Task requirements:
Return each line below exactly as it reads, and omit any image in it.
Top of Data
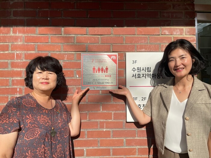 ‘지속가능발전목표(SDGs) 현판 프로젝트’는 수원시 2030지속가능발전목표를 알리고, 기업이나 단체가 SDGs 목표 달성을 위해 노력하고 있다는 사실을 시각적으로 홍보하는 실천 사업이다. 수원시립서호지역아동센터는 ‘복지·건강·교육을 통한 시민행복 확대’에 이바지한 공적을 인정받아 현판식을 추진하게 됐다.
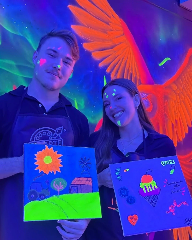 A pessoa presenteada não precisa saber pintar — aqui, a arte é para todos! Basta vir, se soltar, criar e se divertir. E no final? Leva sua própria obra de arte para casa.
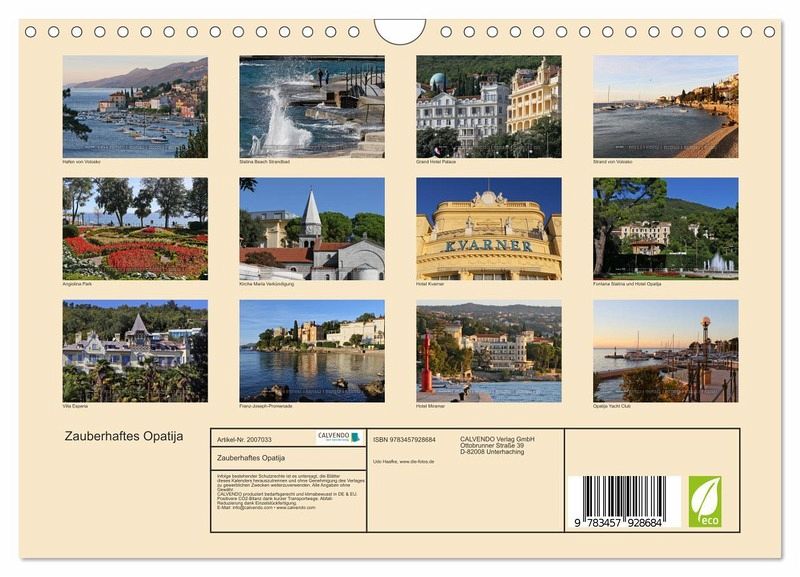 QUALITÄT - Hochwertiger Fotokalender mit 12 wunderschönen Motiven auf lichtbeständigem Bilderdruckpapier, robuste Spiralbindung mit Aufhängebügel.NACHHALTIG - deutliche Abfallreduzierung durch bedarfsgerechte Einzelstückfertigung, umweltfreundliches FSC-zertifiziertes Papier, Produktion in Deutschland, klimabewusste Logistik.PERFEKTES GESCHENK - Kalender für Freunde und Familie, für Kinder und Erwachsene, jung und alt, zu Weihnachten, Geburtstag oder zwischendurch.VIELFALT - Bildkalender in verschiedenen Formaten, z.B. DIN A5, DIN A4, DIN A3 sowie DIN A2. Ob Naturmotiv, Gemälde oder Fotos, ideal für ein persönliches Wohlfühlambiente.Impressionen des charmanten Seebades an der Adria von Autor(in): Udo Haafke
Bottom of Data
Response to the task:
 ‘지속가능발전목표(SDGs) 현판 프로젝트’는 수원시 2030지속가능발전목표를 알리고, 기업이나 단체가 SDGs 목표 달성을 위해 노력하고 있다는 사실을 시각적으로 홍보하는 실천 사업이다. 수원시립서호지역아동센터는 ‘복지·건강·교육을 통한 시민행복 확대’에 이바지한 공적을 인정받아 현판식을 추진하게 됐다.
 A pessoa presenteada não precisa saber pintar — aqui, a arte é para todos! Basta vir, se soltar, criar e se divertir. E no final? Leva sua própria obra de arte para casa.
 QUALITÄT - Hochwertiger Fotokalender mit 12 wunderschönen Motiven auf lichtbeständigem Bilderdruckpapier, robuste Spiralbindung mit Aufhängebügel.NACHHALTIG - deutliche Abfallreduzierung durch bedarfsgerechte Einzelstückfertigung, umweltfreundliches FSC-zertifiziertes Papier, Produktion in Deutschland, klimabewusste Logistik.PERFEKTES GESCHENK - Kalender für Freunde und Familie, für Kinder und Erwachsene, jung und alt, zu Weihnachten, Geburtstag oder zwischendurch.VIELFALT - Bildkalender in verschiedenen Formaten, z.B. DIN A5, DIN A4, DIN A3 sowie DIN A2. Ob Naturmotiv, Gemälde oder Fotos, ideal für ein persönliches Wohlfühlambiente.Impressionen des charmanten Seebades an der Adria von Autor(in): Udo Haafke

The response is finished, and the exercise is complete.